Using a proper payroll solution helps employers stay compliant and reduces the chances of government notices.
Conclusion: Payroll Taxes in India for Employers
Payroll taxes in India are an important part of salary processing. Employers must calculate PF, ESIC, TDS, and other deductions correctly to avoid penalties.
In 2026, compliance rules are stricter, and manual payroll can lead to errors. Using payroll software or HRMS makes it easier to manage employer taxes, maintain records, and follow government rules.
Understanding payroll taxes in India helps companies stay compliant, save time, and avoid legal problems.
Businesses that use proper payroll systems can handle employer taxes more efficiently and focus on growth.
Many growing companies prefer automated payroll systems instead of manual processing.
Managing payroll taxes in India can be challenging without the right system.
If you want to know more about payroll management, compliance services, or HRMS solutions, you can explore ZFour’s payroll and HRMS services or request a demo to understand how automated payroll can help your business stay compliant with PF, ESIC, and tax rules.
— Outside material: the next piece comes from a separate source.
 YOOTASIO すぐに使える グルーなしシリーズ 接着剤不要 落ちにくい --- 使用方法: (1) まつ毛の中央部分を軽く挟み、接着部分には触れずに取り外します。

Frequently Asked Questions: Payroll Taxes in India
What are payroll taxes in India?
Payroll taxes in India are statutory deductions and employer contributions that must be calculated while processing employee salaries. These include Provident Fund (PF), ESIC, Professional Tax (PT), and TDS. Employers must deposit these taxes within the due date to stay compliant with labour and tax laws.
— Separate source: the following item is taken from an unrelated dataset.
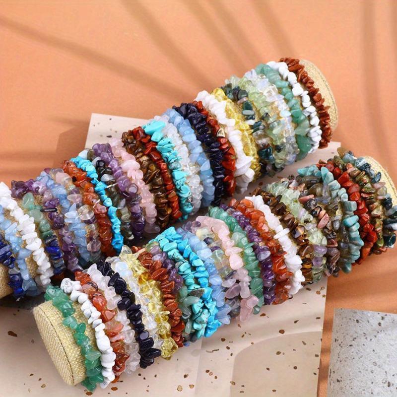 Handcrafted bracelet featuring irregular shaped natural stones with multiple colors gemstone bands. Perfect for casual attire or gifting on Mother's Day or Valentine's Day.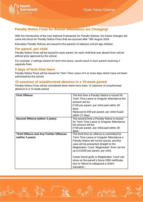 - Taking unauthorised holidays could result in a penalty notice from the Local Authority.

Which payroll taxes must employers pay in India?
Employers in India must pay or deduct the following payroll taxes:
Provident Fund (PF)
ESIC contribution
TDS on salary
Professional Tax
Labour welfare fund (in some states)
These payroll taxes in India are mandatory for eligible companies.
What happens if payroll taxes are not paid on time?
If payroll taxes in India are not deposited on time, employers may face:
penalty
interest charges
government notice
inspection
legal action
Late PF and ESIC payments may attract damages under EPF and ESIC rules.
Is PF mandatory for all companies in India?
PF registration is mandatory if a company has 20 or more employees. Once registered, the employer must deduct and deposit PF every month as per EPF Act rules.
How can employers manage payroll taxes in India easily?
Employers can manage payroll taxes in India by using payroll software or HRMS systems. Automated payroll helps calculate PF, ESIC, TDS, and other deductions correctly and reduces the risk of compliance errors.